The UAE-specific AFs will decrease the rates of misdiagnosis of genetic diseases that mainly depend on values from populations with genetic compositions that differ from the UAE and that, for example, by ruling out known disease-causing variants with high AFs in the UAE population. The variant reduction; in the magnitude of hundreds of thousands due to the use of the UAERG; is deemed helpful in the variant filtration step when searching for disease causing variants by reducing the number of variants that need to be considered in the analysis. Furthermore, records of variants with MAAF > 50% were cataloged as well as their associated pathogenicity whenever available (Supplementary Table S4).

Although the use of data from similar populations in the region could be a beneficial resource, as one could see in the comparison with the Qatari variants (65% of the generated UAE variants were overlapping with the Qatari data), there was still a significant difference (more than 6 million) variants between the two populations. These results show, that the diversity of the Arabian Peninsula has not been exhaustively covered by previous studies and that our dataset provides a substantial contribution toward that goal.

Furthermore, this reference panel is an inevitable component for high accuracy genotype imputation, which enriches datasets from cost efficient genome sequences from SNP arrays.

The sequencing was based on short-read technology, which limits SV discovery as well as de novo assembly. However, as demonstrated by Collins (2019), the use of various SV callers can significantly reduce the number of undetected variants.

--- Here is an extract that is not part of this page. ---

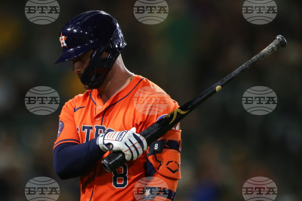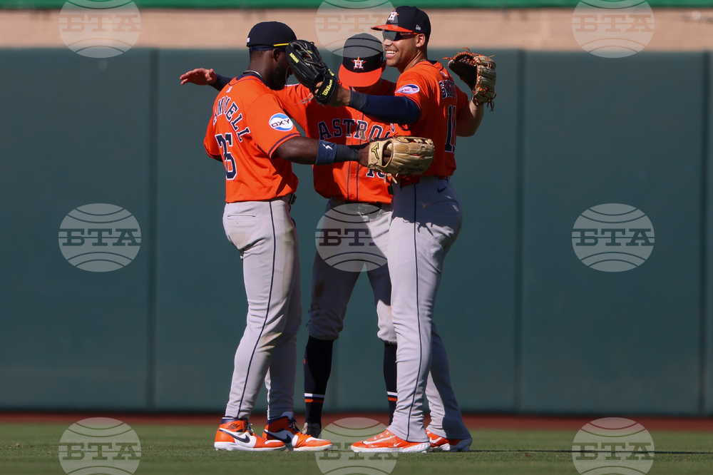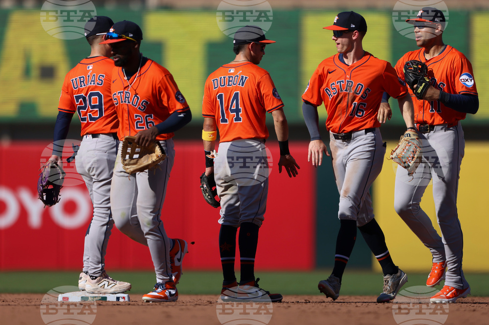 The Houston Astros celebrate their win over the Athletics in a baseball game Thursday, Sept. 25, 2025, in West Sacramento, Calif. (AP Photo/Scott Marshall)

In addition, the integration of population specific variants into a reference genome avoids coordinate lift-over inaccuracies derived from de novo assemblies, which remain a challenge for subsequent annotation procedures. Moreover, the homogeneous quality of samples enables the extraction of population characteristics from a population more evenly, in contrast, to study designs with emphasis on the high quality of a single or few sample(s). Therefore, samples with low coverage are likely to contribute less to a consensus genome due to their smaller call sets. As it is unlikely that quality/coverage reflects representativeness, we here avoid this study-based representation bias.

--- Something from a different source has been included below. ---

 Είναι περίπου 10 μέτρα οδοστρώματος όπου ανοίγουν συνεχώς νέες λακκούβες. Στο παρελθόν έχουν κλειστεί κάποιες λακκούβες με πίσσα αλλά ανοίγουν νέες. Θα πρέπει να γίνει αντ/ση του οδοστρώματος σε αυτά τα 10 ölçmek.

Data Availability Statement

The VCF file including the variants and allele frequencies produced by this study is available at the European Genome Archive (EGA) under the accession number “EGAS00001004537”.

Ethics Statement

The studies involving human participants were reviewed and approved by the Institutional Ethics Committee of Mafraq Hospital in Abu Dhabi (MAF-REC_07). The patients/participants provided their written informed consent to participate in this study.

Author Contributions

HA and GT conceived the 1,000 UAE genome project and received funding that contributed toward sequencing the individuals in this publication. GD and AH performed the analyses and prepared the first draft of the manuscript. All authors developed the manuscript further and contributed to the final version.

Conflict of Interest

The authors declare that the research was conducted in the absence of any commercial or financial relationships that could be construed as a potential conflict of interest.